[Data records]
+ + + +

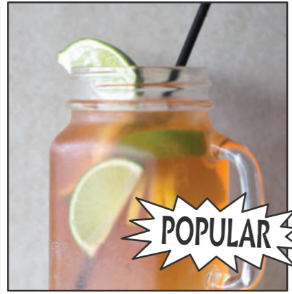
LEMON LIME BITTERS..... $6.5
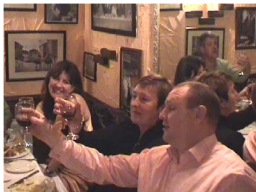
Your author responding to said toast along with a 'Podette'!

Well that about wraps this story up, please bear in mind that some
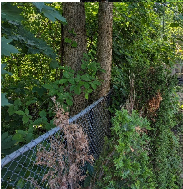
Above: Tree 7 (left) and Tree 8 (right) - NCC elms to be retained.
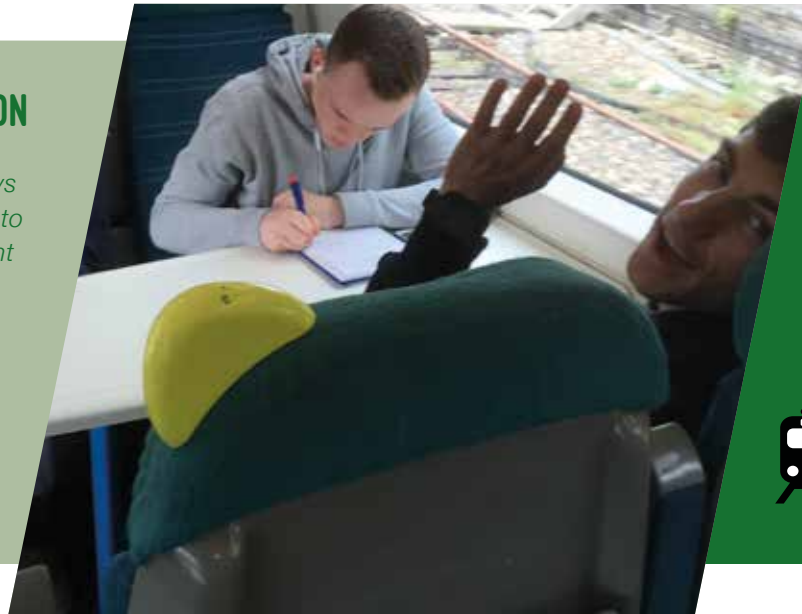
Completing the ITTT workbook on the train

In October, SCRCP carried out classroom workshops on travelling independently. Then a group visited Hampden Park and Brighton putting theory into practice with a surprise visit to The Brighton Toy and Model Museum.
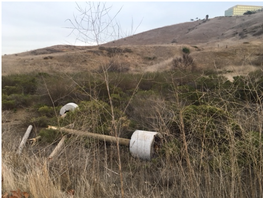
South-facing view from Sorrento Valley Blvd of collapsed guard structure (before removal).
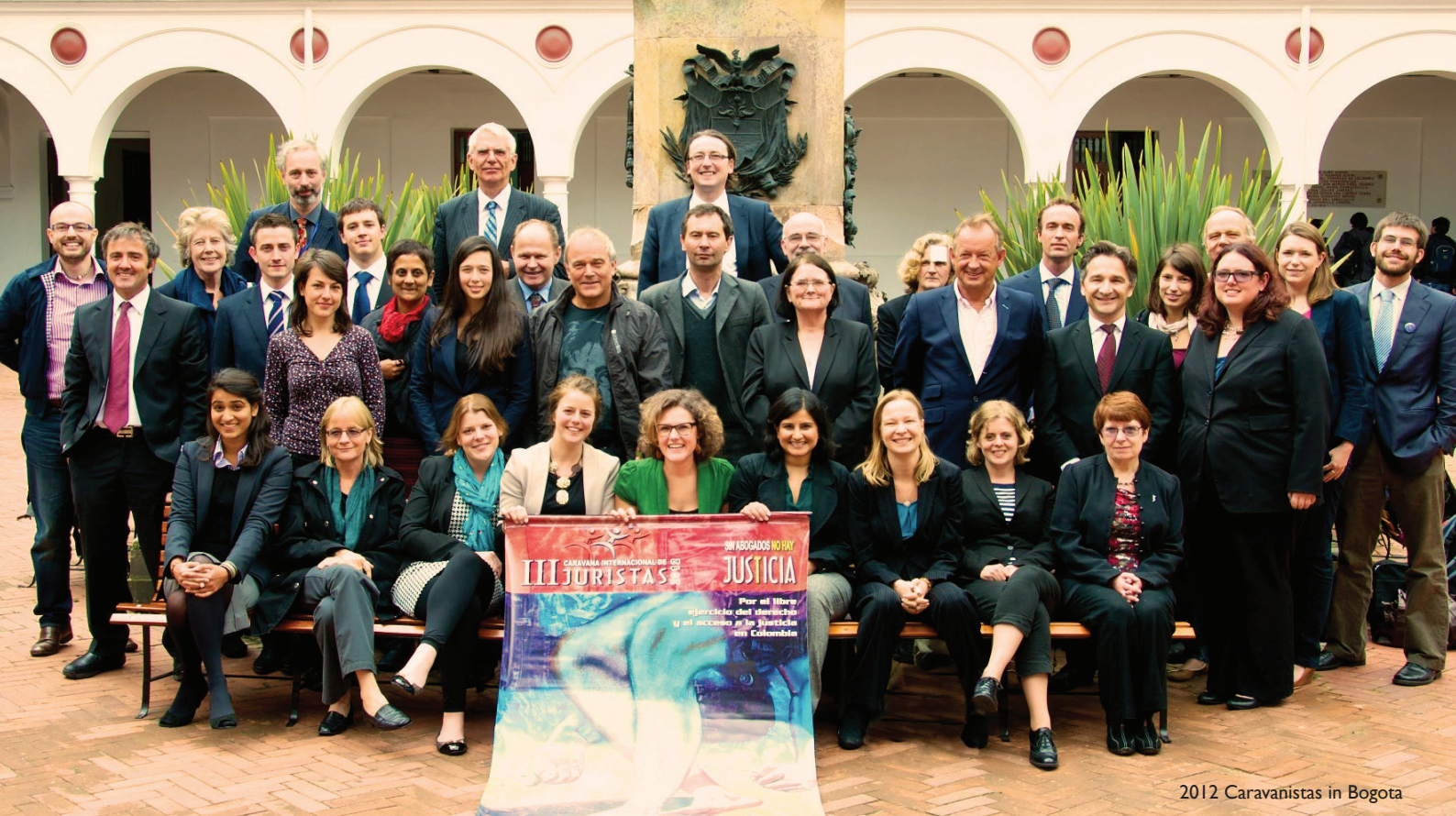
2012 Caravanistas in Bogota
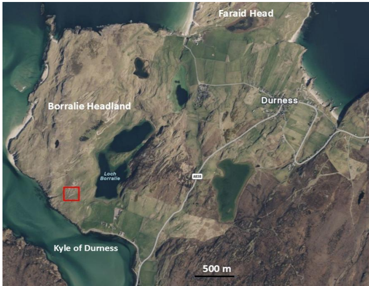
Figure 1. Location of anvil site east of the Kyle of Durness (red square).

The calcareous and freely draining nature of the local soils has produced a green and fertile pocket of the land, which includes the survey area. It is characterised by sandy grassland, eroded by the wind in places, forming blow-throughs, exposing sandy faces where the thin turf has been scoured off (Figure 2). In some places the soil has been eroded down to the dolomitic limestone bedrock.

+ + + +

TASK STATEMENT:
In the records above, how many lines hold "with"? Only the number is wanted.

TASK OUTPUT:
2